━━ Working data ━━

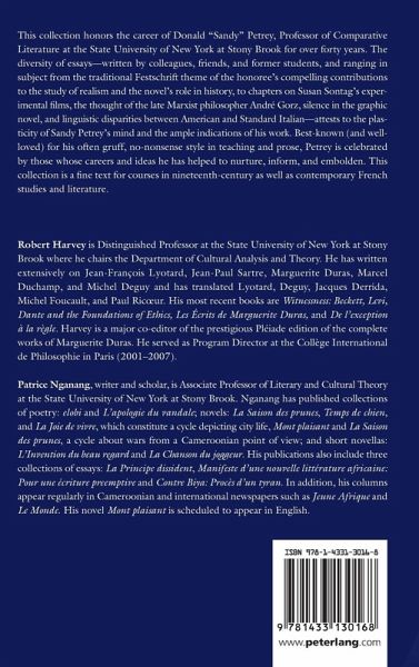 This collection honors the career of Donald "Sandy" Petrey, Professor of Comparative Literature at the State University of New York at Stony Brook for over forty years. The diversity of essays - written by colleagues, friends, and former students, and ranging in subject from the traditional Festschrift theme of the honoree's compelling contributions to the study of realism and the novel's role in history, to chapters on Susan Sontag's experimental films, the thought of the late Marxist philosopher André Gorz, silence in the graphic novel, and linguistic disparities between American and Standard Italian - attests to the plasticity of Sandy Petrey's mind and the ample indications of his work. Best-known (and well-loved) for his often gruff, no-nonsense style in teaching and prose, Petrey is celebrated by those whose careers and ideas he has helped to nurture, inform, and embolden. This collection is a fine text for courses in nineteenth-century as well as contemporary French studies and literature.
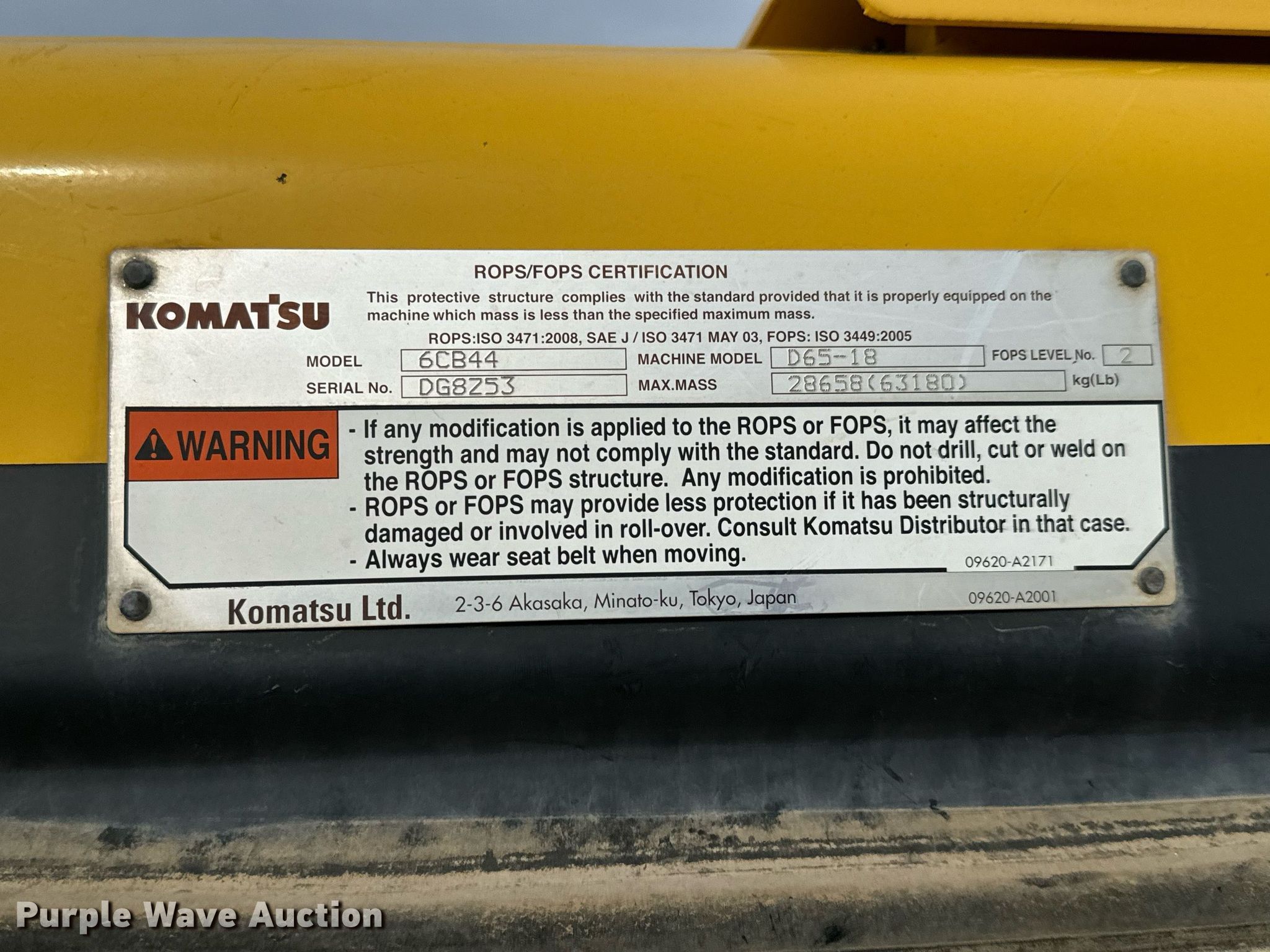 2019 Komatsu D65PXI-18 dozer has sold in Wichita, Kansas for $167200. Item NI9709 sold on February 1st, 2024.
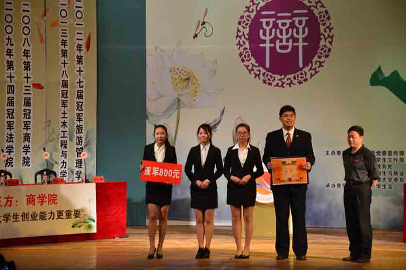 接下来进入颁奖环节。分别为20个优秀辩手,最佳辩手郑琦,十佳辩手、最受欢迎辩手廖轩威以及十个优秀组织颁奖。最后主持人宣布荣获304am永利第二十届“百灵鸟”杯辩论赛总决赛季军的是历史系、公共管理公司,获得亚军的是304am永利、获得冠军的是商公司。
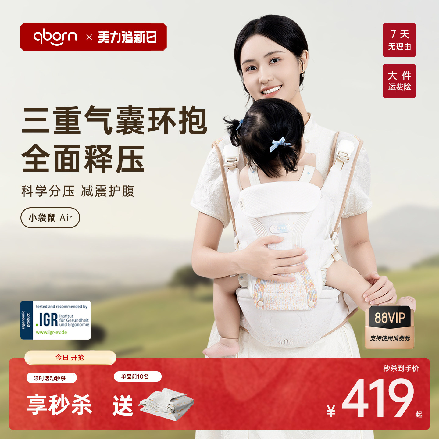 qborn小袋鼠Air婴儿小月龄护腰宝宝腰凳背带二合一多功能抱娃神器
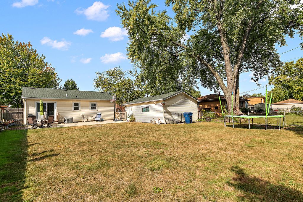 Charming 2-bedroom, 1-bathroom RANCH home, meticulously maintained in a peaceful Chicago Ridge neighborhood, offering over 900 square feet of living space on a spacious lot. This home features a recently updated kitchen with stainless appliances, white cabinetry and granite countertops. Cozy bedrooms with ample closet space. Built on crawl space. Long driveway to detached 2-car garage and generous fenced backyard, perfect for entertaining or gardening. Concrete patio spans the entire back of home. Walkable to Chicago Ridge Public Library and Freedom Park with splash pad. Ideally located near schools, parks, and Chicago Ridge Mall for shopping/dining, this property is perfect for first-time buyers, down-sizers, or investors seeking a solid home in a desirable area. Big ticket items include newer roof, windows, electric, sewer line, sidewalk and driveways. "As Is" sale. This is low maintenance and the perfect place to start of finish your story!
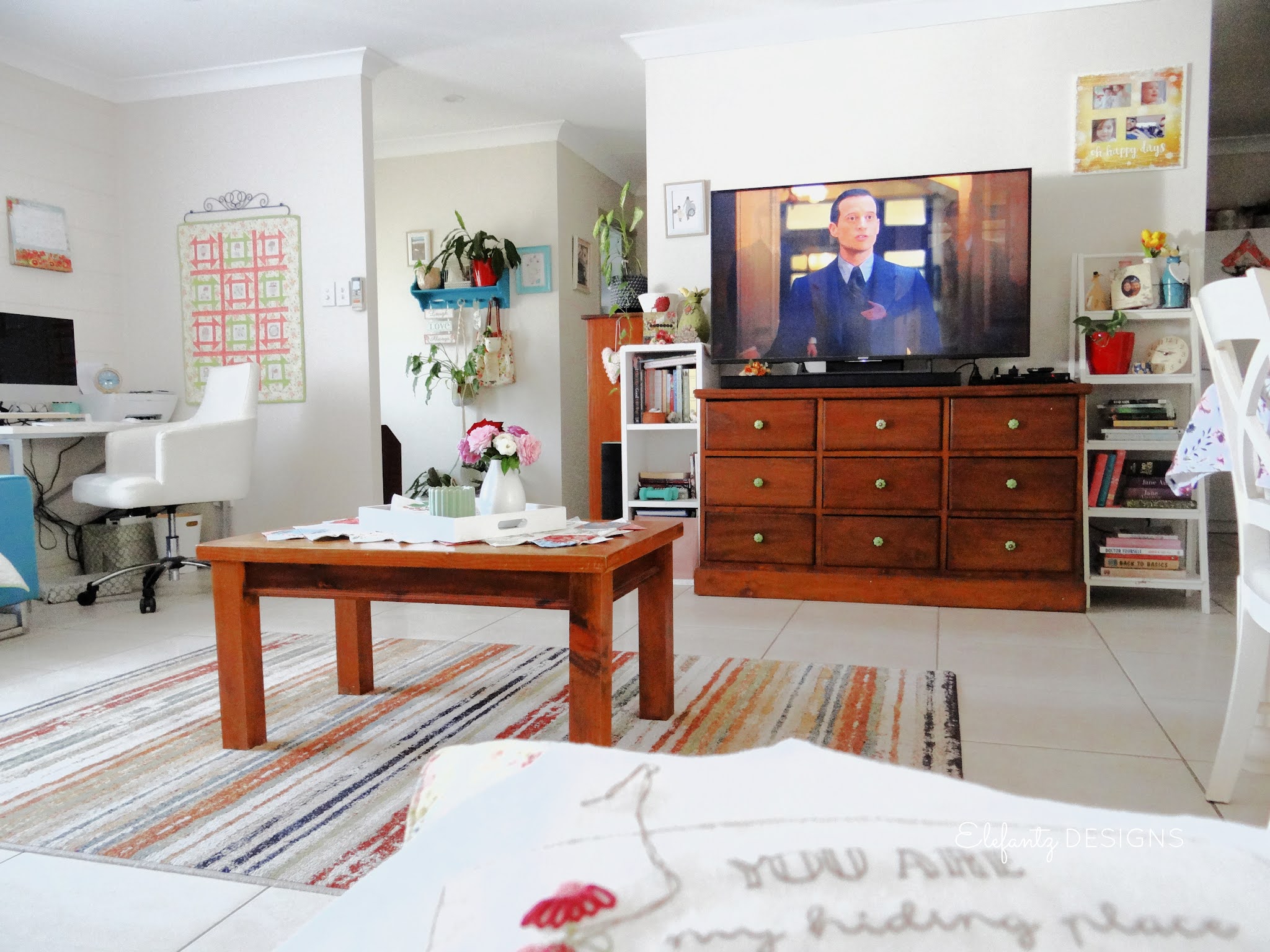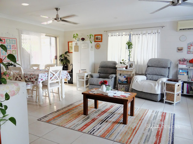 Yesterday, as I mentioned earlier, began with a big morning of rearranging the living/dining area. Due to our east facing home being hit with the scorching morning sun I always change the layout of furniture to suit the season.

━━━

Required work: Each line from the first line of the listing above through the line containing "qborn小袋鼠Air婴儿小月龄护腰宝宝腰凳背带二合一多功能抱娃神器" is to be written out exactly, and the pictures are to be left out.

Reply:
 This collection honors the career of Donald "Sandy" Petrey, Professor of Comparative Literature at the State University of New York at Stony Brook for over forty years. The diversity of essays - written by colleagues, friends, and former students, and ranging in subject from the traditional Festschrift theme of the honoree's compelling contributions to the study of realism and the novel's role in history, to chapters on Susan Sontag's experimental films, the thought of the late Marxist philosopher André Gorz, silence in the graphic novel, and linguistic disparities between American and Standard Italian - attests to the plasticity of Sandy Petrey's mind and the ample indications of his work. Best-known (and well-loved) for his often gruff, no-nonsense style in teaching and prose, Petrey is celebrated by those whose careers and ideas he has helped to nurture, inform, and embolden. This collection is a fine text for courses in nineteenth-century as well as contemporary French studies and literature.
 2019 Komatsu D65PXI-18 dozer has sold in Wichita, Kansas for $167200. Item NI9709 sold on February 1st, 2024.
 接下来进入颁奖环节。分别为20个优秀辩手,最佳辩手郑琦,十佳辩手、最受欢迎辩手廖轩威以及十个优秀组织颁奖。最后主持人宣布荣获304am永利第二十届“百灵鸟”杯辩论赛总决赛季军的是历史系、公共管理公司,获得亚军的是304am永利、获得冠军的是商公司。
 qborn小袋鼠Air婴儿小月龄护腰宝宝腰凳背带二合一多功能抱娃神器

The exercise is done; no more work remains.